His sound on recordings I have heard encompasses an enormous palette.
It is simultaneously transparent, subtle, and vividly sculpted. There
is no mistaking where the phrase leads. Not surprisingly, with his
aural know-how, he makes an exception by performing Rachmaninoff’s
Second Piano Concerto. "It’s not so Russian," he says. He also plays
Scriabin’s "Nocturne for the Left Hand." "It’s a special case," he
says, since it follows from the tradition of Field and Chopin.
Spanish music is an area that O’Conor avoids. "I love it, but I don’t
know enough about the language or the folk music. You need to know a
lot about the mental approach of people before you start," he says.

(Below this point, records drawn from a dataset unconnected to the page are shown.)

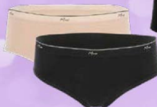
Трусы женские МЕХХ® слипы 3 шт. в упаковке
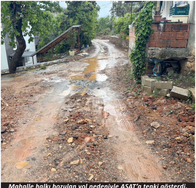
Mahalle halkı bozulan yol nedeniyle ASAT'a tepki gösterdi.
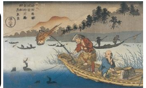
えどじだい 江戸時代につくられた鵜飼の絵だよ。 たいけん 体験コーナーでやってみてね。
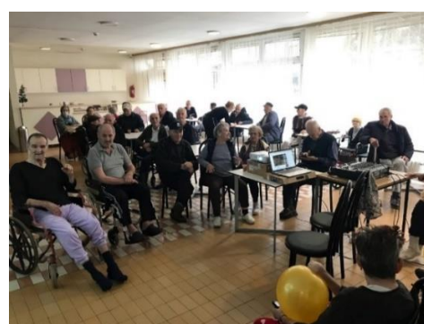
Likovna radionica na III spratu B objekta.
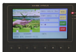
Contrôleur Éole 6090
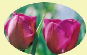
アッティラズレコード
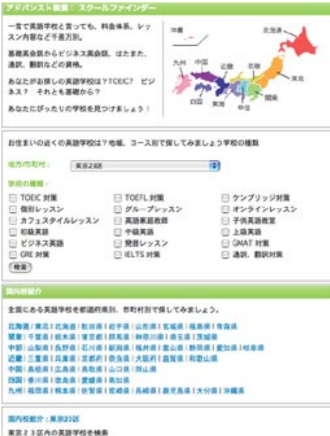
地図と一覧表から英語学校を検索
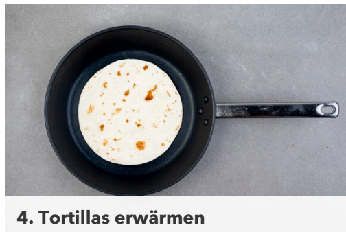
4. Tortillas erwärmen

Das Fleisch in einer großen Pfanne mit 2EL Pflanzenöl bei mittlerer Hitze auf jeder Seite 4-5Min. anbraten, bis das Fleisch goldbraun und durch ist.
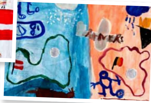
Matīss Baranovskis, 6 gadi.
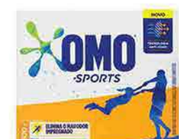
16326 LAVA-ROUPAS EM PÓ OMO SPORTS | 20X800 GR 7891150064607
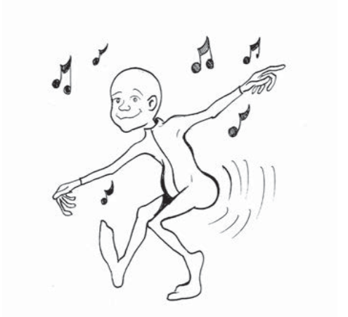
Cazador de almas 4 ( El bailarín)
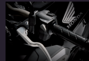
혼다 셀렉터블 토크 컨트롤 (HSTC)
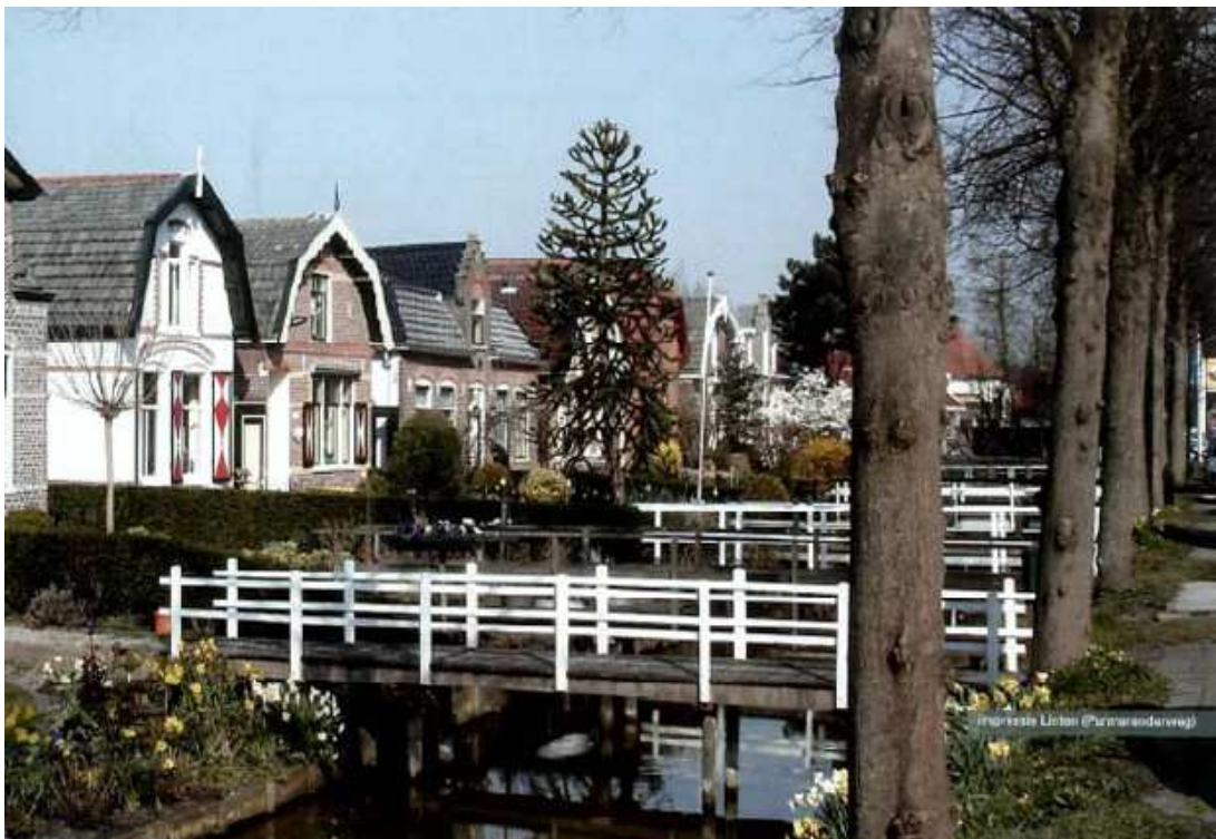
Figuur 3.1 Impressie lintbebouwing (Purmerenderweg)

In figuur 3.1 is een impressie van de inrichting van lintbebouwing weergegeven.

O’Conor speaks French, German, and Italian.
"I do quite a bit of Debussy," he says, "but it’s not a natural for
me, and I hope to do more. Debussy was more natural for me when I was
younger. The technique is different from the martellato [hammered]
effects needed for Haydn, or strength of downward finger movement in
late Beethoven. It’s a lot more playing on the pads of your fingers
and a lot more drawing your hands along the keys. Playing Debussy is
great fun. It’s a different color. People come up to me and ask, ‘How
do you do that?’"
"You have to be schizophrenic to play well," O’Conor says. "You have
to be three people. The first person has the sound in his ear. The
second person does it on the instrument; he figures out the physical
mechanics. The third person sits in the audience accepting what’s
coming out. He’s in communication with the first person while the
second person is doing the job."
"O’Conor is a wonderful talker as well as performer," adds Princeton
poet Paul Muldoon, director of the Program in Irish Studies. "I made a
film about him in 1986 while I was a producer at BBC-TV, but I knew
him before. Ireland’s a small country. Its artists know each other."
– Elaine Strauss
John O’Conor, Princeton University Concerts, Richardson Auditorium,
609-258-5000. Program of John Field, Schubert, Chopin, and Beethoven.
$20 to $33; all students $2. Thursday, February 19, 8 p.m.
John O’Conor, Princeton Fund for Irish Studies, Stewart Film Theater,
185 Nassau Street, 609-258-4712. O’Conor introduces and plays music by
John Field. Free. Friday, February 20, 4:30 p.m.